Link to decision [PDF].
Link to article:
A federal appeals court ruled unanimously Monday to block a Florida law preventing businesses from requiring employees to attend workplace trainings that promote diversity and inclusion, affirming a temporary injunction issued by a lower court.
“This is not the first era in which Americans have held widely divergent views on important areas of morality, ethics, law, and public policy,” a three-judge panel for the 11th Circuit Court of Appeals wrote in Monday’s decision. “And it is not the first time that these disagreements have seemed so important, and their airing so dangerous, that something had to be done. But now, as before, the First Amendment keeps the government from putting its thumb on the scale.”
I note this decision not because I have strong feelings on this issue (personally, I tend to avoid those topics here), but because one of the major pieces of legislation of the DeSantis agenda has been struck down by judges that are quite conservative. It's a pretty thorough thrashing of the law, written by Trump-appointee Judge Britt Grant (and joined by Trump-appointee Judge Andrew Brasher and Clinton-appointee Judge Charles Wilson).
As the opinion notes:
[...] This law, as Florida concedes, draws its distinctions based on viewpoint—the most pernicious of dividing lines under the First Amendment. But the state insists that ordinary First Amendment review does not apply because the law restricts conduct, not speech.
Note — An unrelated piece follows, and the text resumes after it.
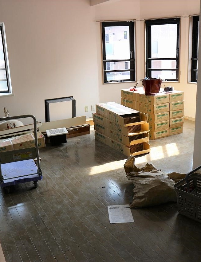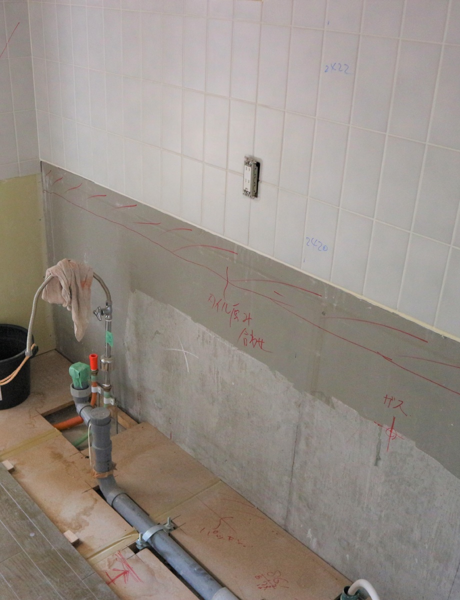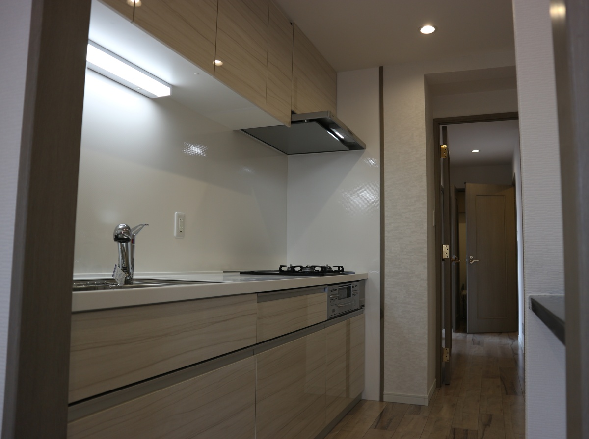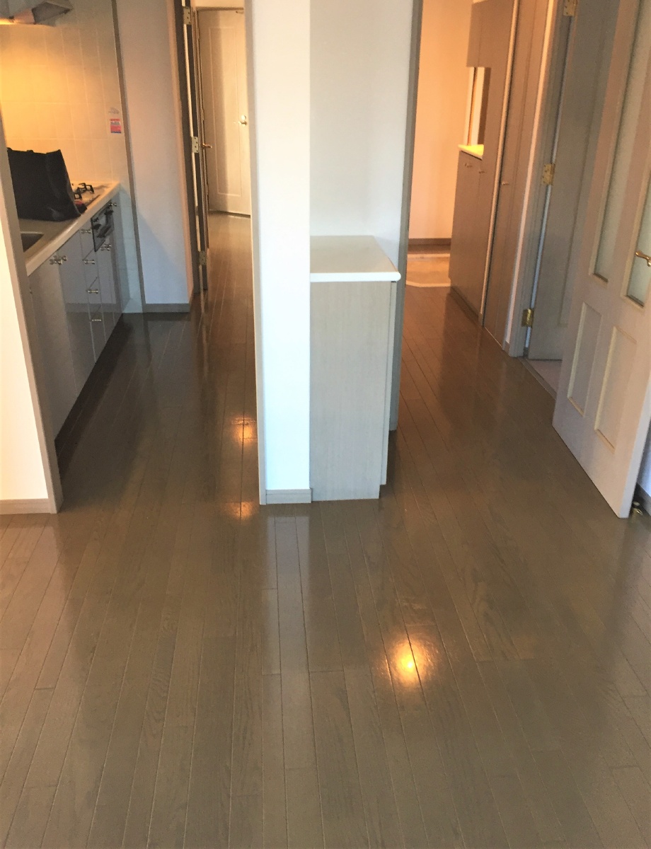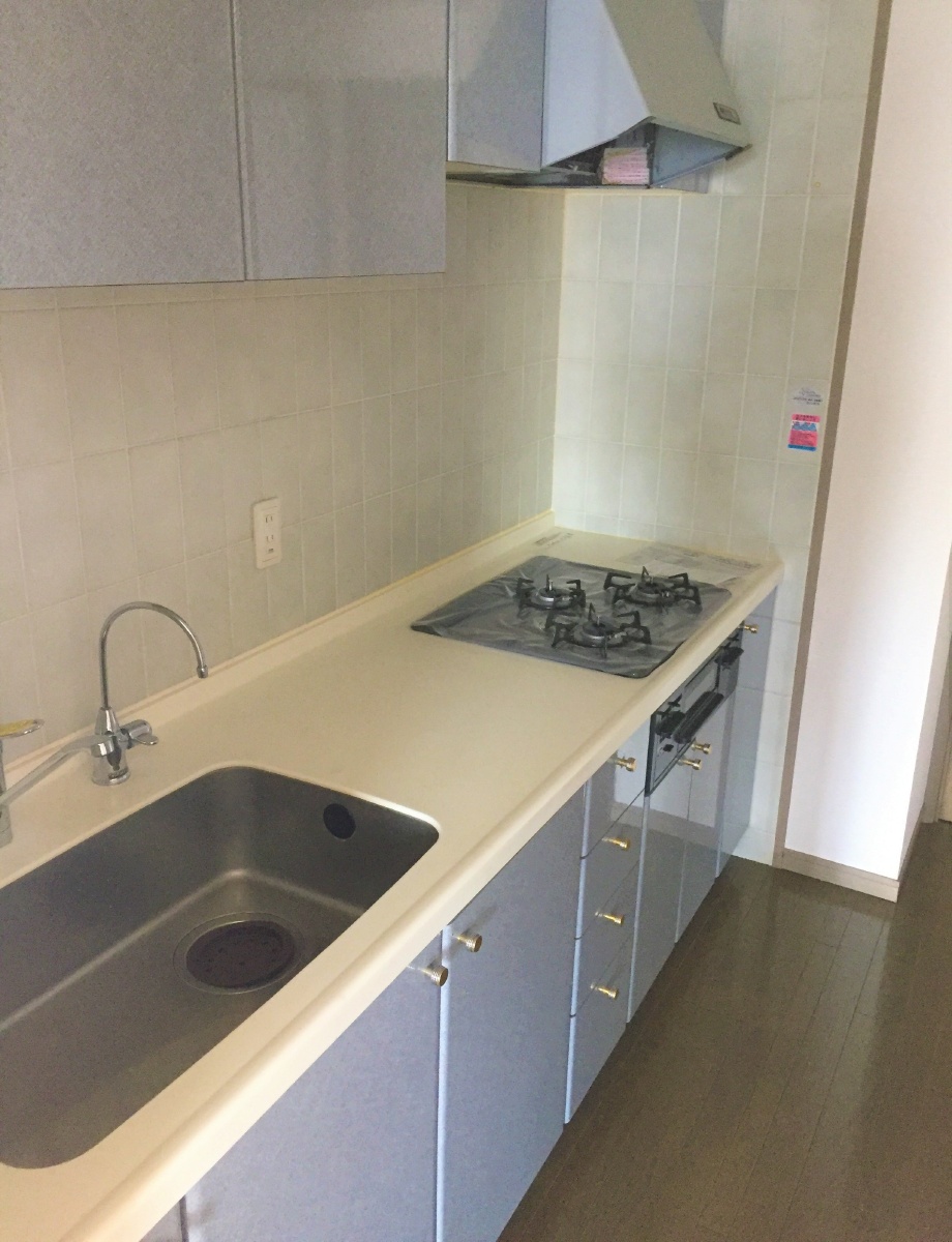 工事内容:全室フローリング貼り・洗面化粧台交換・システムキッチン交換・ユニットバス交換・洗濯パン交換・洗濯水栓交換・洗面室クロス張替・トイレクロス張替

We cannot agree, and we reject this latest attempt to control speech by recharacterizing it as conduct. Florida may be exactly right about the nature of the ideas it targets. Or it may not. Either way, the merits of these views will be decided in the clanging marketplace of ideas rather than a codebook or a courtroom.
[...]
Florida proposes an alternative approach. It says that even if speech defines the contours of the prohibition, so long as the resulting burden is on the conduct, that conduct is all the state is regulating. That, in turn, means the law does not regulate speech. Remarkable. Under Florida’s proposed standard, a government could ban riding on a parade float if it did not agree with the message on the banner. The government could ban pulling chairs into a circle for book clubs discussing disfavored books. And so on. The First Amendment is not so easily neutered.
Victories protecting the freedom of speech should always be recognized and celebrated.